Related Blog Posts
- Part 1: Frontend and Voice Processing
- Part 2: Cloud Infrastructure with CDK, IoT Core, and AppSync
- Part 3: Edge AI Agent with Strands on NVIDIA Jetson
Demo
Overview
This project is a real-time voice-to-sign-language translation system that takes spoken words from a browser microphone and translates them into physical ASL fingerspelling on a Pollen Robotics Amazing Hand. The system spans three repositories covering the frontend, cloud infrastructure, and edge AI agent.
Technologies Used
- Frontend: React 19, Vite 7, TypeScript, Three.js, AWS Amplify Gen 2
- Voice AI: Amazon Nova 2 Sonic (speech-to-speech, bidirectional streaming)

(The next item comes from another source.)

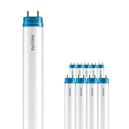 Bei der Mehrfachpackung 10x Philips LED Röhre T8 CorePro (EM/Mains) Standard Output 20W 2200lm - 840 Kaltweiß | 150cm - Ersatz Für 58W handelt es sich um eine energieeffiziente LED-Röhre. Sie ersetzt Ihre konventionelle Leuchtstoffröhre mit 58W. Die Röhre ist 1500 mm lang und hat die Farbtemperatur 4000K - Kaltweiss. Die durchschnittliche Lebensdauer der LED-Röhre beläuft sich auf 30000 Stunden. Wir bieten Ihnen für dieses Produkt eine Garantie von 3 Jahre an.
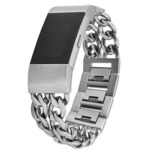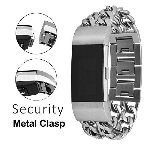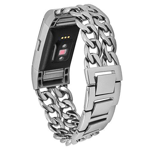 Fitbit Charge 2 Band, Aokay Stainless Steel Metal Cowboy Style Chain Bracelet Watch Band for Fitbit Charge 2 Heart Rate

- Edge AI: Strands Agents framework, Amazon Nova 2 Lite (tool-use reasoning)
- Cloud: AWS IoT Core, AWS AppSync, AWS Lambda, Amazon DynamoDB, Amazon S3
- Hardware: NVIDIA Jetson, Pollen Robotics Amazing Hand, Feetech SCS0009 servos
- Infrastructure: AWS CDK, GitHub Actions CI/CD
- Protocols: MQTT, GraphQL subscriptions, Serial (1M baud)
Key Features
- Direct browser-to-Bedrock bidirectional streaming with Nova 2 Sonic
- Forced tool use (
send_text) to relay cleaned speech as text on every utterance - ASL fingerspelling with 26 alphabet letters (A-Z)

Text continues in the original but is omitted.